Now that the Helm in Costa Mesa rests in Davy Jones' locker, the hipsters took over the Swinging Door, and the Fling is next, the Quill remains the last gasp of how drinking used to be in Orange County—not uppity froufrou mixologists, but a grizzled guy or gal who doesn't get fancier than a White Russian; not obnoxious EDM or too-cutesy DJs who think playing 1970s-TV-show theme songs is oh-so-awesome, but a jukebox that seems to always pull its songs from the combined KLOS and KFROG playlists; not fancy food, but a popcorn machine and a lunch menu no one seems to have ever eaten from. We'll let you in on a secret: More than a few judges and prosecutors make this their home away from home, so slide up to the bar and plead your case over the umpteenth Jameson neat.
When combining the terms all ages with Orange County, there's only one definitive spot to discuss: Chain Reaction. Here, boys with flat-ironed hair and eyeliner resemble girls and still manage to do well for themselves with the ladies. Here, marginalized teens from a variety of subcultures (from emo to screamo) come to listen to bands with banal names such as As I Gently Lactate and Lions Versus Eohippus and look their best while bobbing their heads to the sweet sounds of youth. In business for more than two decades, Chain Reaction is an institution, man.

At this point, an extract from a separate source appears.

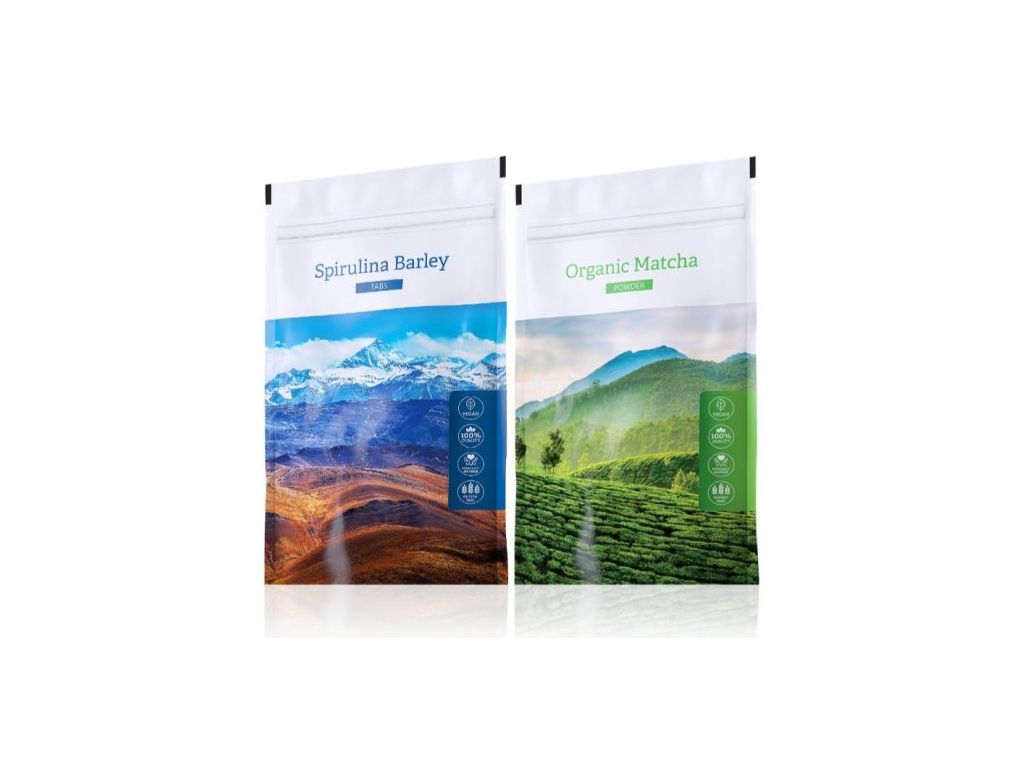 Doplněk stravy. Kombinace zelených potravin Spirulina Barley tabs a Organic Matcha powder se slevou 165 Kč.

Gay bars are still few and infuriatingly far between, so VLVT Velvet Lounge is already a beloved staple in LGBTQIOC, not just for its many themed nights, but also for its Sunday brunch. Among a sea of bottomless mimosas, a DIY Bloody Mary table and fresh-to-order omelets stand the Brunchettes, who trot out the sequins, wigs and torch songs as though they were lip-synching for their lives. Their popularity is such that VLVT schedules them for two shows—at 11 a.m. and 1 p.m.—and highly recommends reservations.

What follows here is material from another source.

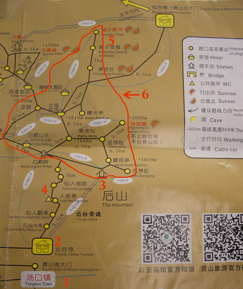 Сразу уточню, что мой маршрут был рассчитан на два полных дня, ночевку на горе и последующий отъезд вечером второго дня в Тунси. Ниже расскажу про свой маршрут на два дня, который мне видится оптимальным. Остальные маршруты сделаны на глаз, исходя из того, сколько по времени заняло прохождение того или иного участка парка Хуаншань.

Main Street in HB has more bars; Harbor Boulevard in Fullerton has more crowds; Main Street in Seal Beach has a better view. But for sheer diversity of experience and quality, no stretch of Orange County beats Broadway in downtown Santa Ana. In just two city blocks, you can experience alcohol in all its wondrous ways: from wine and craft beers in a DIY setting at the Gypsy Den to the crafty hipsters at Lola Gaspar, from the city regulars at Memphis At the Santora to the underground den of beer at the Copper Door, from the loudness of Proof Bar to the chaotic love of the Crosby and Chapter One: the modern local. And for a nightcap, you can even stumble into the Mexican bars off Fourth Street and the CVS Pharmacy.
Anaheim has always been the center of the strip-club industry in Orange County, whether for of all the conventioneers and professional sports players who need to get their jollies after a day at the office or the city's working-class makeup—Latino or white, Asian or Arab, sometimes Tube8 just won't do and you need an actual girl whispering sweet nothings in your ear while loving you legally. And while the city has some long-established clubs, the relatively young Venetian Gentlemen's Club has already made its mark as the leader, not just for its gorgeous gals, not just for its classy atmosphere and proximity to the 91 freeway, but also for honest-to-goodness food and an affordable price point for dances—an important factor for its customers affected by the Great Recession.